Supplied information:
Content starts
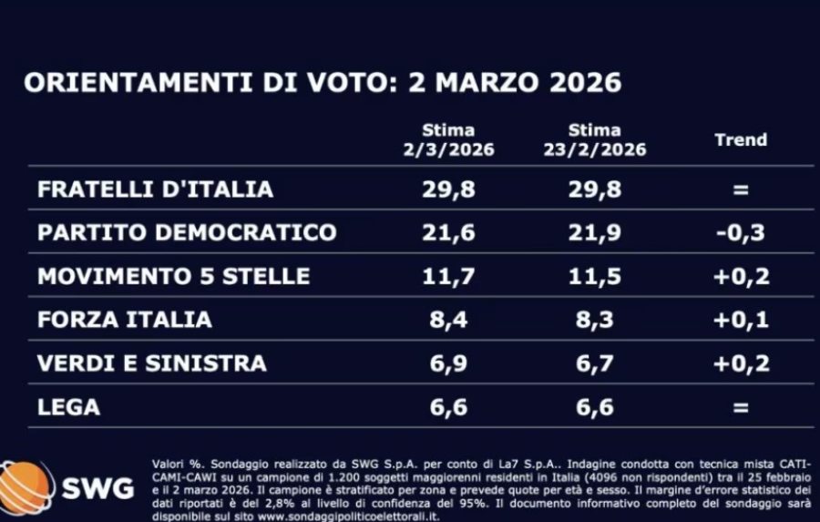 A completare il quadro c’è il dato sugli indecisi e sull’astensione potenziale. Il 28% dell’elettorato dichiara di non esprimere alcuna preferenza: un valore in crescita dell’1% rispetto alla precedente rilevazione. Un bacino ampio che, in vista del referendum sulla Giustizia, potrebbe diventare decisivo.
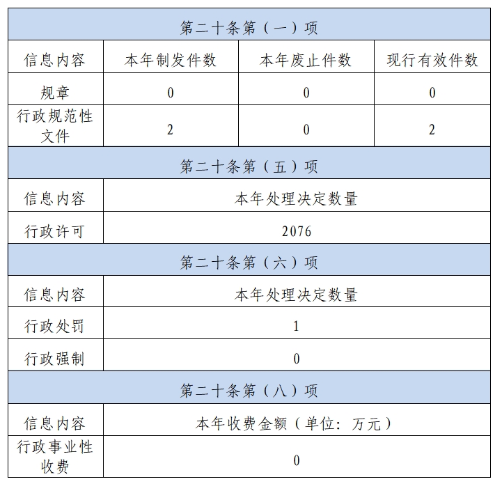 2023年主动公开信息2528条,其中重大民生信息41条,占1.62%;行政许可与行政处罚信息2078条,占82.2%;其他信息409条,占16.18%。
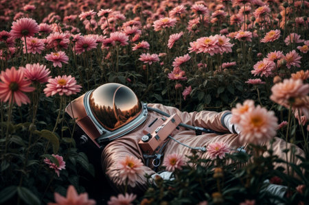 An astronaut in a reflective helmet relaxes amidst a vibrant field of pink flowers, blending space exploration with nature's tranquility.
Content ends
Content starts
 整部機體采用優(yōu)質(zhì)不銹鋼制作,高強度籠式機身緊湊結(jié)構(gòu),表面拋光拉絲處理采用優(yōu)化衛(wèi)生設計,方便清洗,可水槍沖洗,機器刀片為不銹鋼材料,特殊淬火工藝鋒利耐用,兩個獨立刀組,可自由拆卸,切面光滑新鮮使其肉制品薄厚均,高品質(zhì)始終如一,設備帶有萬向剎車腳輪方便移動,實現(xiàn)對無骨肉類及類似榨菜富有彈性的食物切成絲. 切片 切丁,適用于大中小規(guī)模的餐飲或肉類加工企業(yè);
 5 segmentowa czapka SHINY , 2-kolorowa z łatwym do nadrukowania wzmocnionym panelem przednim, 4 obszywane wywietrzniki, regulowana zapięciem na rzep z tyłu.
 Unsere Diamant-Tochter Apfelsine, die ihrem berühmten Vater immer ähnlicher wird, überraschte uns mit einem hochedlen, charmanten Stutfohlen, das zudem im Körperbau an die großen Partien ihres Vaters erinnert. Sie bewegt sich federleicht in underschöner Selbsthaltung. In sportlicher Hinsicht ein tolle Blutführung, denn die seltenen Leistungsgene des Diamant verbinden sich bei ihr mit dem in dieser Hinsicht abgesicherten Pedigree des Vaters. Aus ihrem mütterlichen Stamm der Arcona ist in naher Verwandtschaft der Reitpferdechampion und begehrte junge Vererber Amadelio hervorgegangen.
Content ends
Work instructions:
Take the material above from the line bearing "A completare il" through the line bearing "An astronaut in" and write it out exactly, both end lines included. Pictures stay out.

Exercise solution:
 A completare il quadro c’è il dato sugli indecisi e sull’astensione potenziale. Il 28% dell’elettorato dichiara di non esprimere alcuna preferenza: un valore in crescita dell’1% rispetto alla precedente rilevazione. Un bacino ampio che, in vista del referendum sulla Giustizia, potrebbe diventare decisivo.
 2023年主动公开信息2528条,其中重大民生信息41条,占1.62%;行政许可与行政处罚信息2078条,占82.2%;其他信息409条,占16.18%。
 An astronaut in a reflective helmet relaxes amidst a vibrant field of pink flowers, blending space exploration with nature's tranquility.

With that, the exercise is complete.